**Data to examine**
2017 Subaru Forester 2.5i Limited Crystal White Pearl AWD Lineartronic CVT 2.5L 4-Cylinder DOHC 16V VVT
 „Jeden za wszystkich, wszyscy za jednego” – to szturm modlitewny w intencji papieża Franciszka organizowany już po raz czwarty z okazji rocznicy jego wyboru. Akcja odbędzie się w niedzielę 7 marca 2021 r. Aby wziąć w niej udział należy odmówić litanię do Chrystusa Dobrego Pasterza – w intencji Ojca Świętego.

---

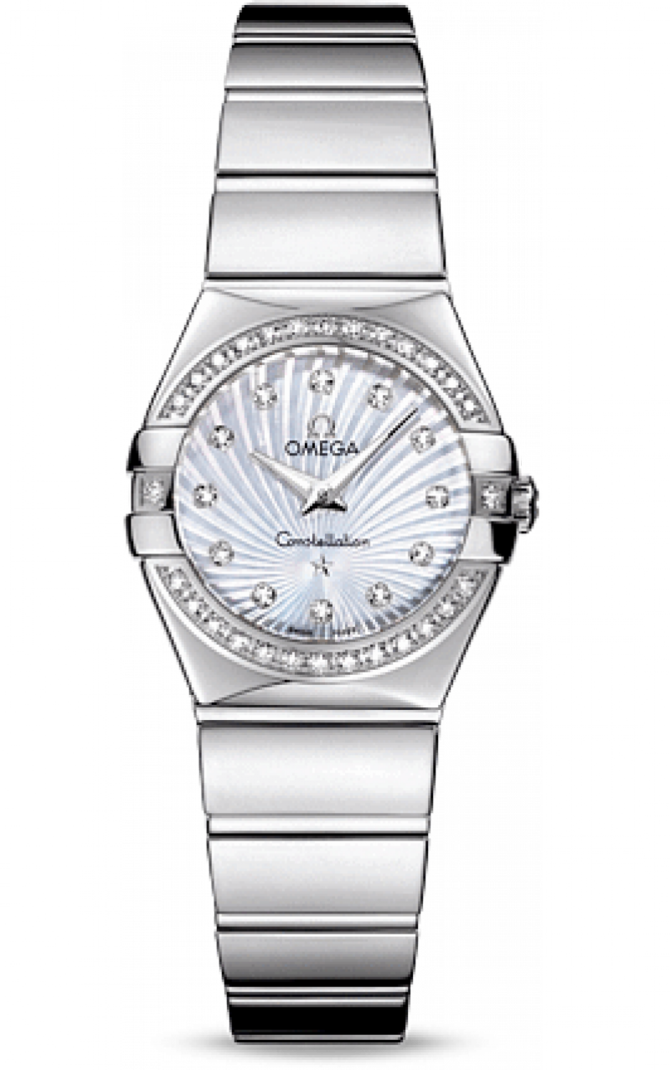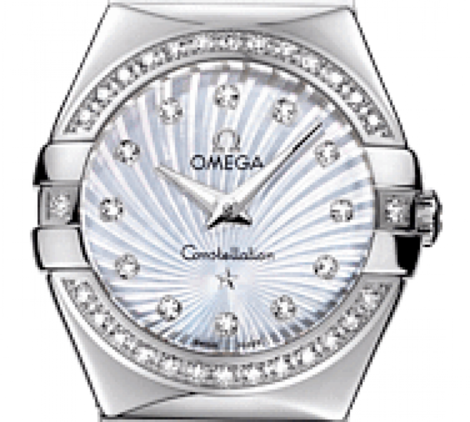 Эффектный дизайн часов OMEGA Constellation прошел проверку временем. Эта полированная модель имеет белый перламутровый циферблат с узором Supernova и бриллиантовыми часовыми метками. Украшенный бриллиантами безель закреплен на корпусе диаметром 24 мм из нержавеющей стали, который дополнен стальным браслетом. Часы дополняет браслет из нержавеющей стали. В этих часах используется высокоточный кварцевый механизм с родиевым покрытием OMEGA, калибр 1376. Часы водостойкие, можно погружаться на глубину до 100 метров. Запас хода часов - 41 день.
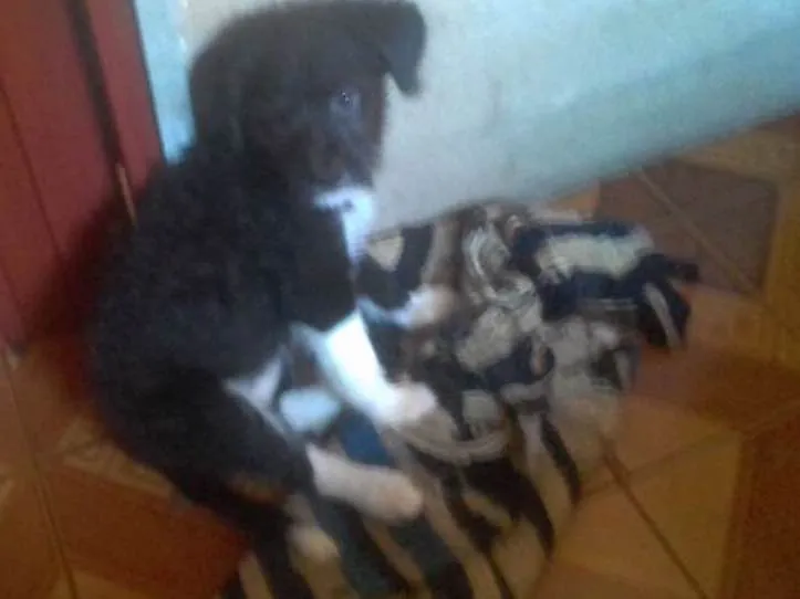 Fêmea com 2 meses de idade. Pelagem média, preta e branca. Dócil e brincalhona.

---

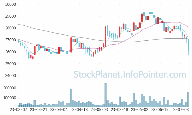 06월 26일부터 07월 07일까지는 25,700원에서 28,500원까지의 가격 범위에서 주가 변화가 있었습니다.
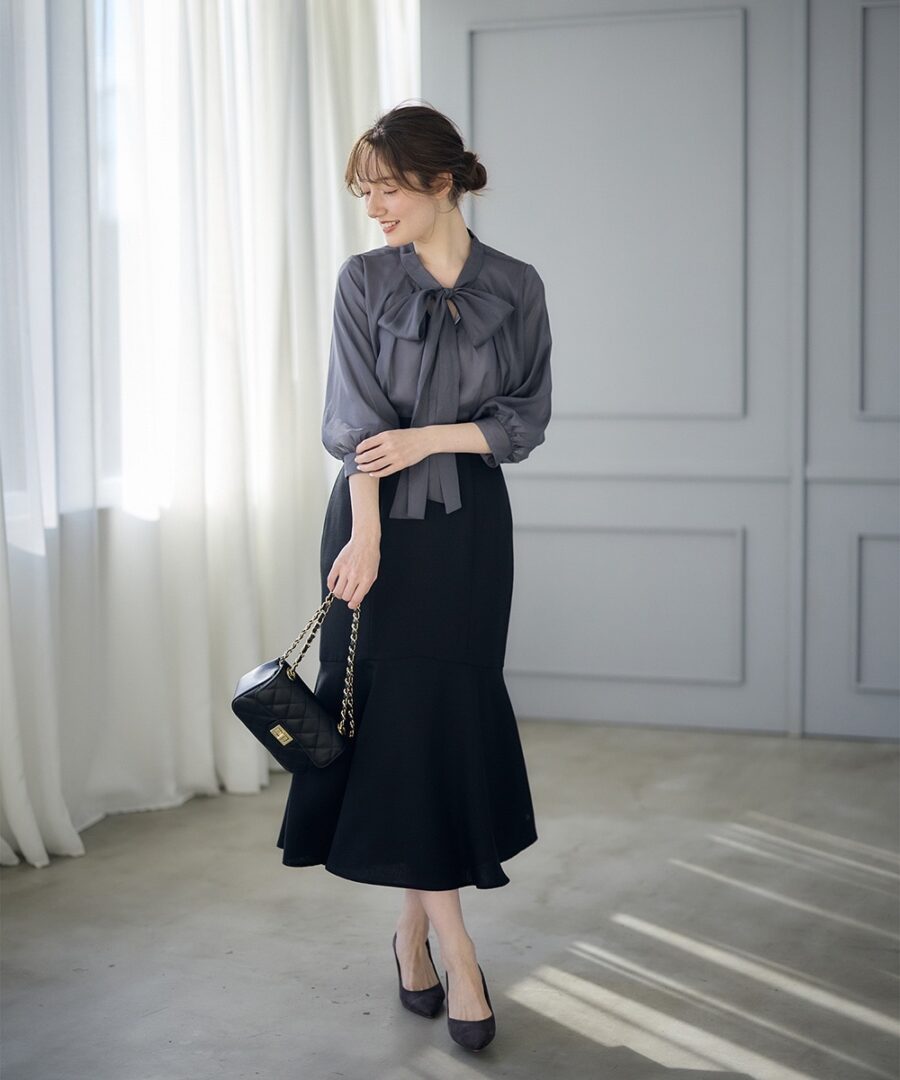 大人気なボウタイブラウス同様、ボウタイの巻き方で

**Work request**
In the listing above, find the line containing "Эффектный дизайн часов" and the line containing "Fêmea com 2", then return both of them and every line between, exactly, without pictures.

**Result for this task**
 Эффектный дизайн часов OMEGA Constellation прошел проверку временем. Эта полированная модель имеет белый перламутровый циферблат с узором Supernova и бриллиантовыми часовыми метками. Украшенный бриллиантами безель закреплен на корпусе диаметром 24 мм из нержавеющей стали, который дополнен стальным браслетом. Часы дополняет браслет из нержавеющей стали. В этих часах используется высокоточный кварцевый механизм с родиевым покрытием OMEGA, калибр 1376. Часы водостойкие, можно погружаться на глубину до 100 метров. Запас хода часов - 41 день.
 Fêmea com 2 meses de idade. Pelagem média, preta e branca. Dócil e brincalhona.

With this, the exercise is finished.